Out over the heads of the defenders came the whiskey kegs—by the dozen! They sailed out and crashed down, some atop zombies and other wretched creatures, others smashing hard on the cobblestones.

“What in the—?” more than one surprised defender cried out, Temberle included.

“Doo-dad!” came the emphatic answer.

All the defenders looked that way to see Pikel charging at them. His right arm was stretched out to the side, shillelagh pointed at the horde. The club threw sparks, and at first the bright light alone kept the undead back from Pikel, clearing the way as he continued his run. But more importantly, those sparks sizzled out to the spilled alcohol, and nothing burned brighter than Carradden whiskey.

The dwarf ran on, the enchanted cudgel spitting its flares, and flames roared up in response.

Despite her pain, despite her fear for her brothers, Hanaleisa couldn’t help but giggle as the dwarf passed, his stumpy arm flapping like the wing of a wounded duck.
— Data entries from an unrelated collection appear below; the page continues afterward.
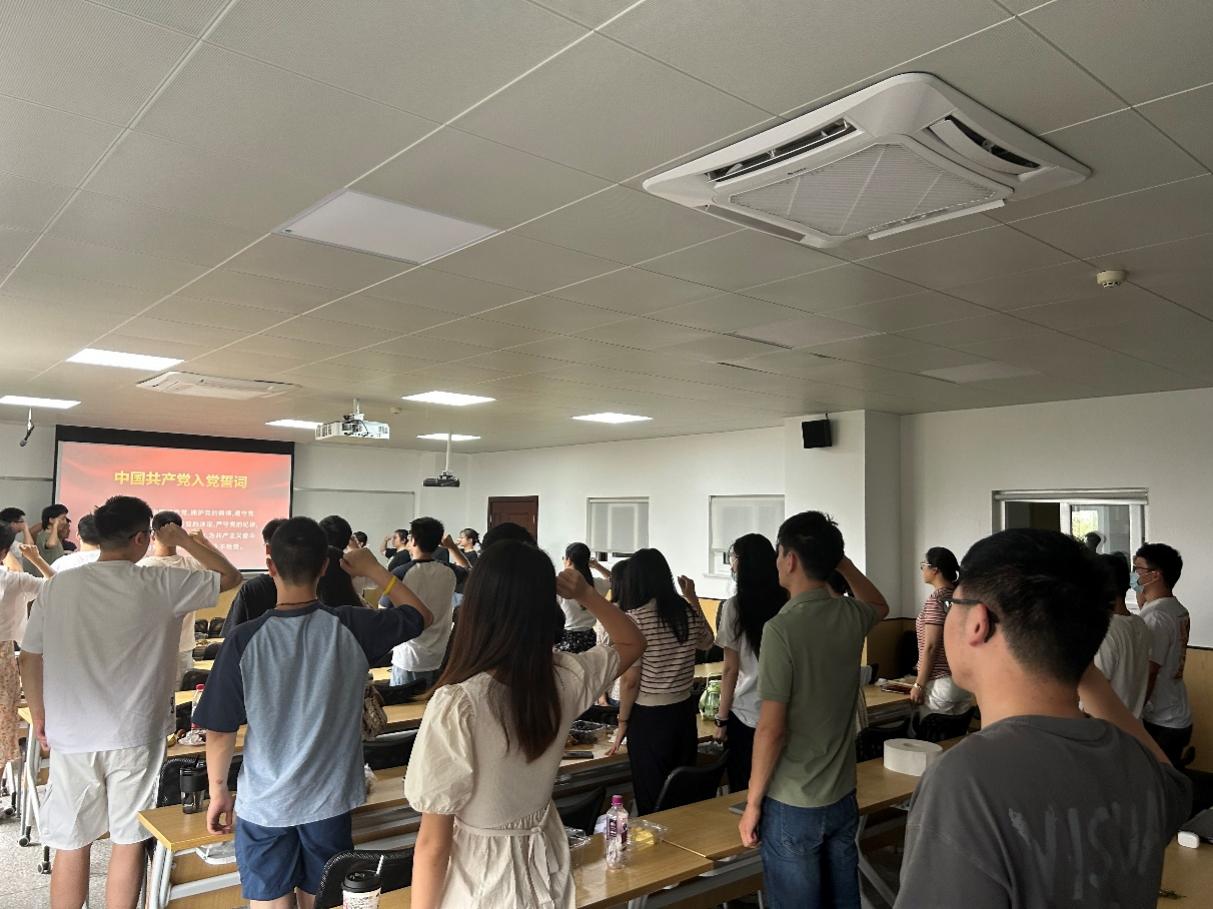 最后,全体党员在周长春书记带领下,重温入党誓词。誓词铮铮,是毕业生党员同志对入党初心的坚定,是新征程中矢志不渝跟党走的信仰,是为实现中华民族伟大复兴贡献自己力量的决心。相信毕业生党员同志们将不忘初心,砥砺前行!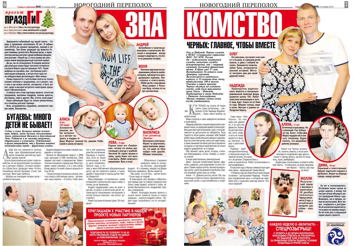 Завершается юбилейный год нашей газеты - «Городу и горожанам» исполнилось 30 лет. И зафиналить 2018-й мы решили празднично, красиво и по-семейному. Тем более уходящий год является Годом семейных ценностей в Железногорске, а через месяц наступит самый любимый праздник всех россиян - Новый год. Поэтому с 46 номера (от 15 ноября) мы запустили новый предпраздничный газетный сериал. Да-да, вы не ослышались! В каждом выпуске две реальные семьи будут поэтапно готовиться ко встрече Нового года на страницах «ГиГ». Герои выбраны не случайно, они - постоянные участники наших конкурсов, а летом этого года стали победителями фотоконкурса «Моя семья». Семьи поделятся с читателями газеты не только своими планами и традициями, но и узнают как, в чем и где можно весело, интересно, а быть может, даже и выгодно встретить новогодние праздники в Железногорске. А помогут им в этом партнеры проекта: агентства праздников, магазины, салоны красоты, рестораны, кафе и другие. Мы, кстати, всем рады!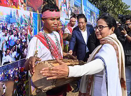 மேகாலயத்தில் புதன்கிழமை பொதுக் கூட்டத்தில் பங்கேற்றபோது இசைக் கருவியை இசைத்த மேற்கு வங்க முதல்வா்மம்தா பானா்ஜி.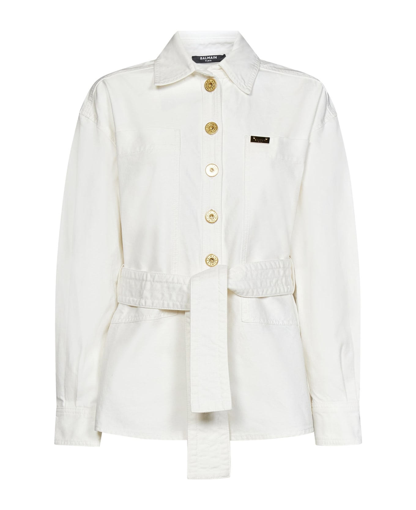 Pointed collar; Long sleeves, dropped shoulders, buttoned cuffs with golden embossed buttons

He was not running, Hanaleisa saw—he was skipping.

An image of a five-year-old Rorick skipping around her mother’s garden outside Spirit Soaring, sparkler in hand, flashed in Hanaleisa’s mind, and a sudden contentment washed over her, as if she was certain that Uncle Pikel would make everything all right.She shook the notion away quickly, though, and finished off a nearby monster that was caught on their side of the fire wall. Then she ran to Temberle, who was already calling out to organize the retreat. Hanaleisa reached into her pouch and pulled forth some clean cloth, quickly tying off Temberle’s torn arm.
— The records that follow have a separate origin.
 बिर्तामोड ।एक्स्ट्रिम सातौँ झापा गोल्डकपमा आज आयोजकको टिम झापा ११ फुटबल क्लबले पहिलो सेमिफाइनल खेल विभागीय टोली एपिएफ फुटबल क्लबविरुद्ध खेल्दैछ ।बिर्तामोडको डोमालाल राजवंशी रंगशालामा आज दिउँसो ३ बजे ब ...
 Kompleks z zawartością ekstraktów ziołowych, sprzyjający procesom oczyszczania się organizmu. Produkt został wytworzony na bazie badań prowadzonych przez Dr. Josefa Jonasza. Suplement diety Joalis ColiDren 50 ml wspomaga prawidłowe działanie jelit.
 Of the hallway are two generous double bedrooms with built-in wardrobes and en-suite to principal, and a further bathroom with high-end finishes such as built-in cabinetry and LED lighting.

And not a moment too soon. Her brother nodded appreciatively, then swooned. Hanaleisa caught him and called for help, directing a woman to retrieve Temberle’s greatsword, for she knew—they all knew—he would surely need it again, and very soon.
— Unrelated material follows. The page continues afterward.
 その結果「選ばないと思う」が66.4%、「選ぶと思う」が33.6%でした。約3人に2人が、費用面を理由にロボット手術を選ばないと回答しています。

Into the storehouse they went, a line of weary and battered defenders—battered emotionally as much as physically, perhaps even more so, for they knew to a man and woman that their beloved Carradoon was unlikely to survive the surprise onslaught.

* * * * *

“You saved us all,” Hanaleisa said to Rorick a short while later, when they were all together once more.

“Uncle Pikel did the dangerous work,” Rorick said, nodding his chin toward the dwarf.

“Doo-dad, hee hee hee,” said the dwarf. He presented his shillelagh and added, “Boom!” with a shake of his hairy head.

“We’re not saved yet,” Temberle said from a small window overlooking the carnage on the street. Conscious again, but still weakened, the young man’s voice sounded grim indeed. “Those fires won’t last for long.”

It was true, but the whiskey-fueled conflagration had turned the battle and saved their cause. The stupid undead knew no fear and had kept coming on, their rotting clothes and skin adding fuel to the flames as they crumpled and burned atop their fellows.

But a few stragglers were getting through, scratching at the storehouse walls, battering the planks, and the fires outside were burning low.

One zombie walked right through the fires and came out ablaze. Still it advanced, right to the storehouse door, and managed to pound its fists a few times before succumbing to the flames. And as bad luck would have it, those flames licked at the wood. They wouldn’t have been of consequence, except from the roof above, one of the kegs had overturned, spilling its volatile contents across the roof and down the side.

Several people screamed as the corner of the storehouse flared up. Some went to try to battle the flames, but to no avail. Worse, the keg throwers hadn’t emptied about a third of the whiskey stocks from the storehouse. Whiskey was one of Carradoon’s largest exports—boats sailed out with kegs of the stuff almost every tenday.